§ INFORMATION GIVEN
----

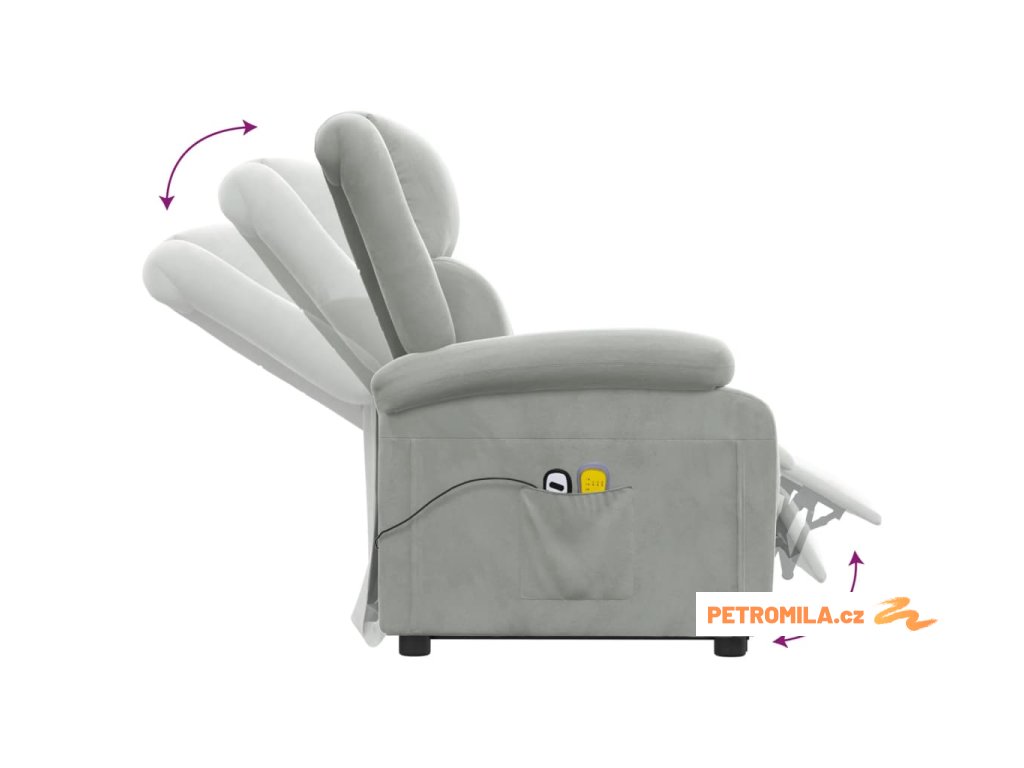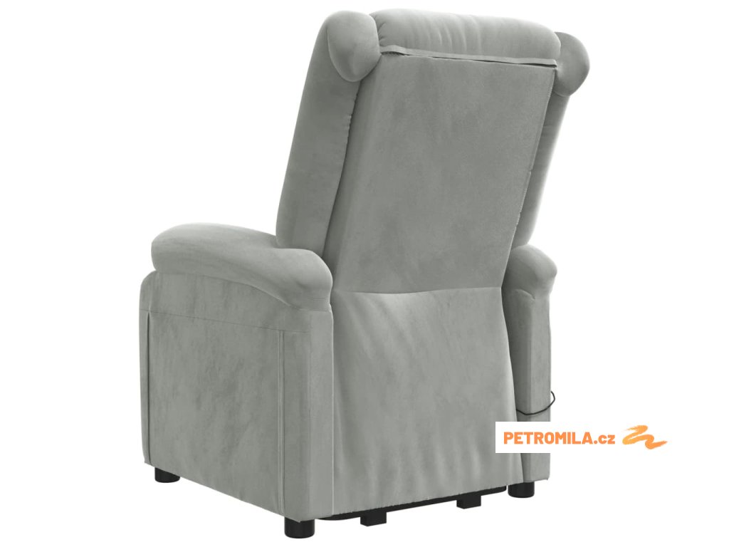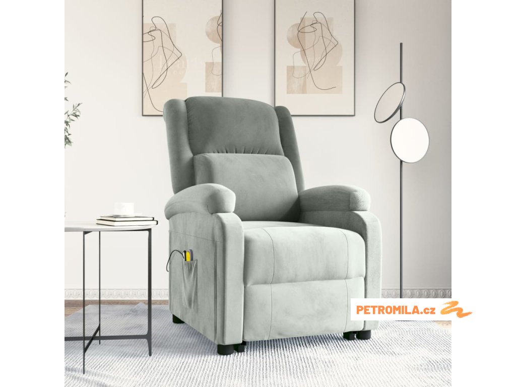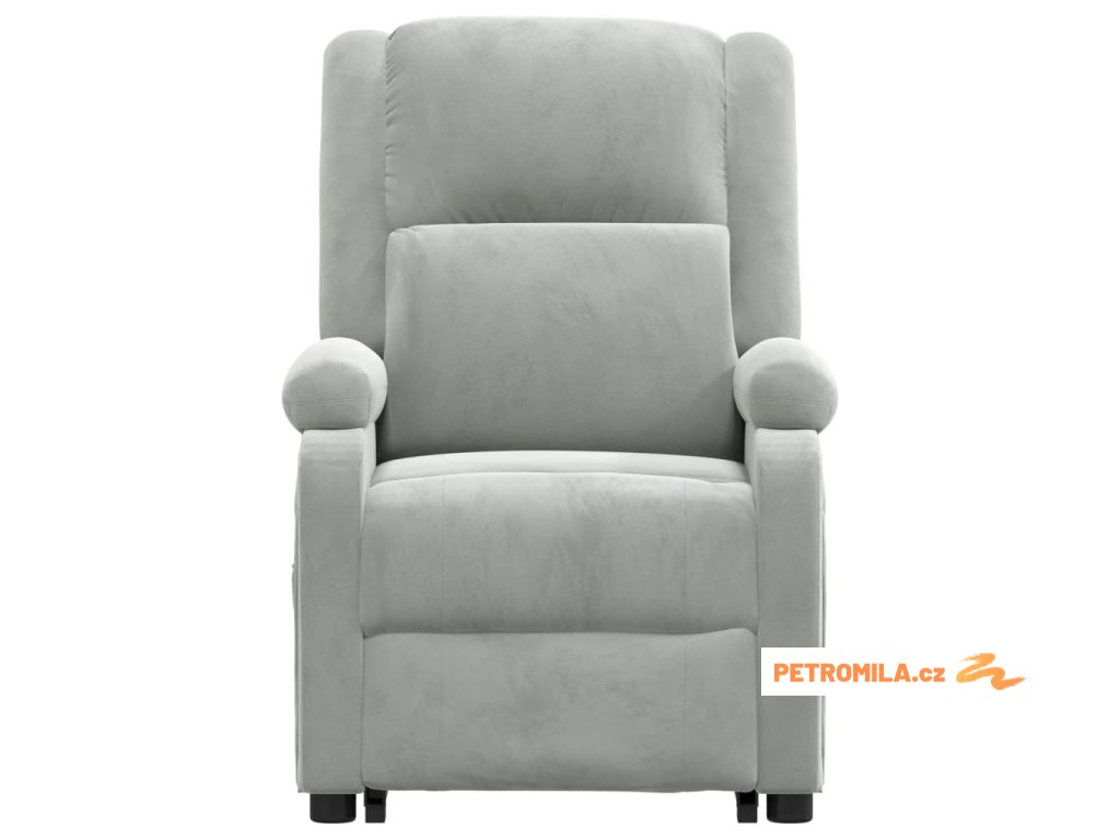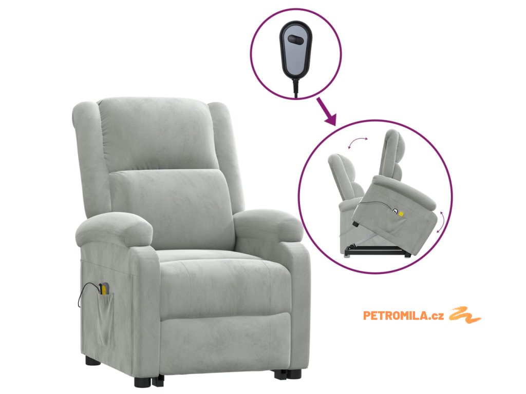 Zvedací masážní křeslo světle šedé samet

----

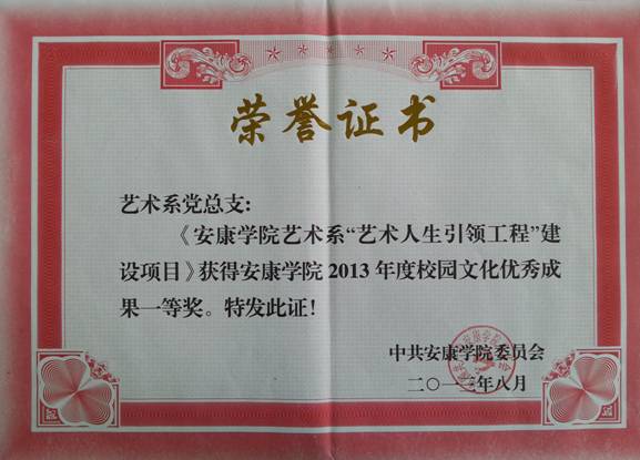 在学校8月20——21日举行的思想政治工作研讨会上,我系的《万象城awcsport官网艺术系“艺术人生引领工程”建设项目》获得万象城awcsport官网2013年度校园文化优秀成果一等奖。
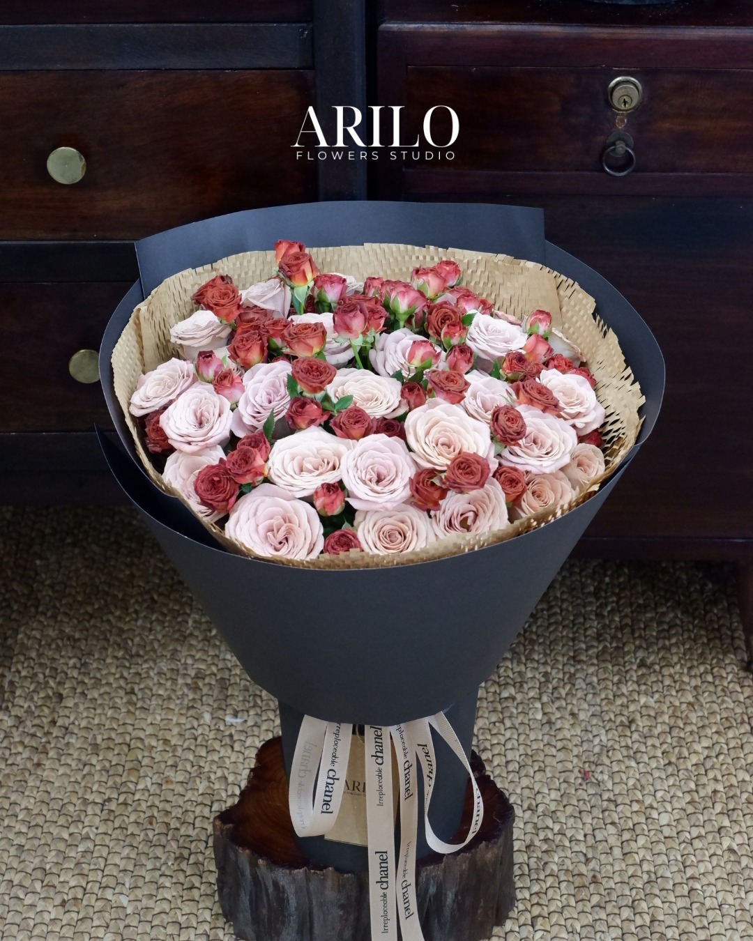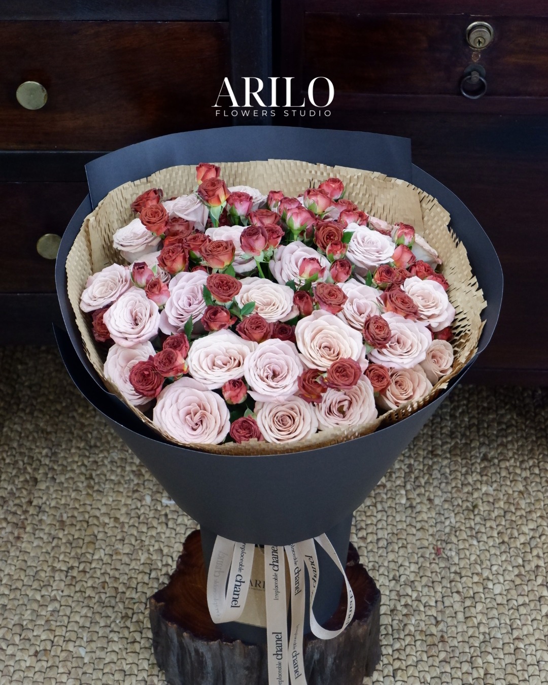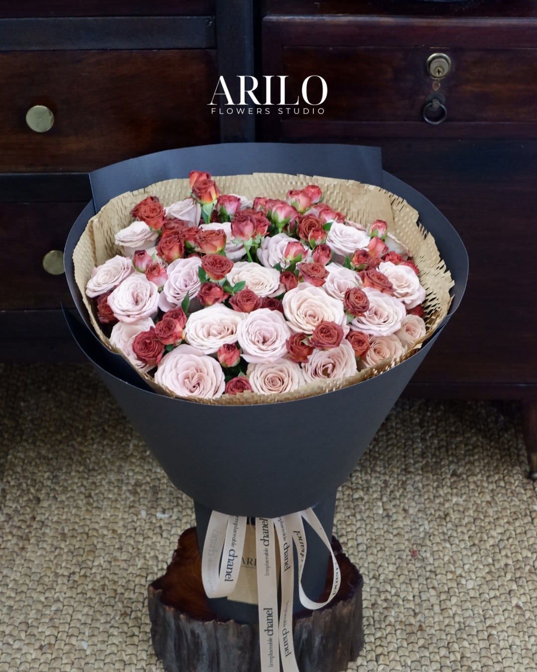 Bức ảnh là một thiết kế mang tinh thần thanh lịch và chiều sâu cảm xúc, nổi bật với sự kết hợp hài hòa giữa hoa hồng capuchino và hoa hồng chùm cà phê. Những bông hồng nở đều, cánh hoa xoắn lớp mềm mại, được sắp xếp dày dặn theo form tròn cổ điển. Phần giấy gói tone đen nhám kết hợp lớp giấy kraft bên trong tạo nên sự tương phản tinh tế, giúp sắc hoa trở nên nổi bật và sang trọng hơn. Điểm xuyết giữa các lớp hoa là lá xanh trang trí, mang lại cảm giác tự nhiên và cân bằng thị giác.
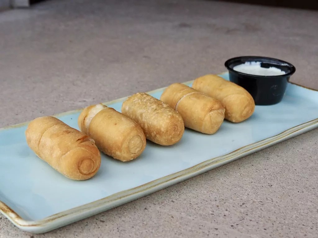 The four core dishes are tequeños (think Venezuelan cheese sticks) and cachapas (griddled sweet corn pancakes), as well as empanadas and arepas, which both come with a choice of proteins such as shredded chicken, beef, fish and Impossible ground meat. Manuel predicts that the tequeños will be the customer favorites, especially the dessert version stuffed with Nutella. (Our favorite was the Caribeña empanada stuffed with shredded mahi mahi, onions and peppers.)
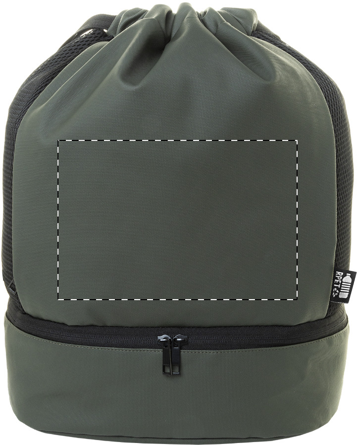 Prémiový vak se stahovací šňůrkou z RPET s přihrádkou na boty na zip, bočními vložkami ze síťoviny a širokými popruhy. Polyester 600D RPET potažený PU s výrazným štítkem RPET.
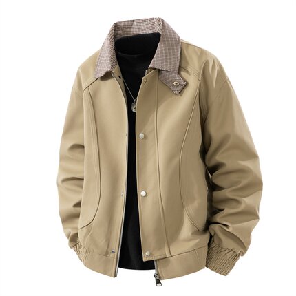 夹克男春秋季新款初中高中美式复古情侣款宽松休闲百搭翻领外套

----

§ PROBLEM STATEMENT
Using the data above, give again exactly the lines starting at the one holding "Prémiový vak se" and ending at the one holding "夹克男春秋季新款初中高中美式复古情侣款宽松休闲百搭翻领外套", inclusive, and nothing more. Omit the pictures.

§ TASK SOLUTION
 Prémiový vak se stahovací šňůrkou z RPET s přihrádkou na boty na zip, bočními vložkami ze síťoviny a širokými popruhy. Polyester 600D RPET potažený PU s výrazným štítkem RPET.
 夹克男春秋季新款初中高中美式复古情侣款宽松休闲百搭翻领外套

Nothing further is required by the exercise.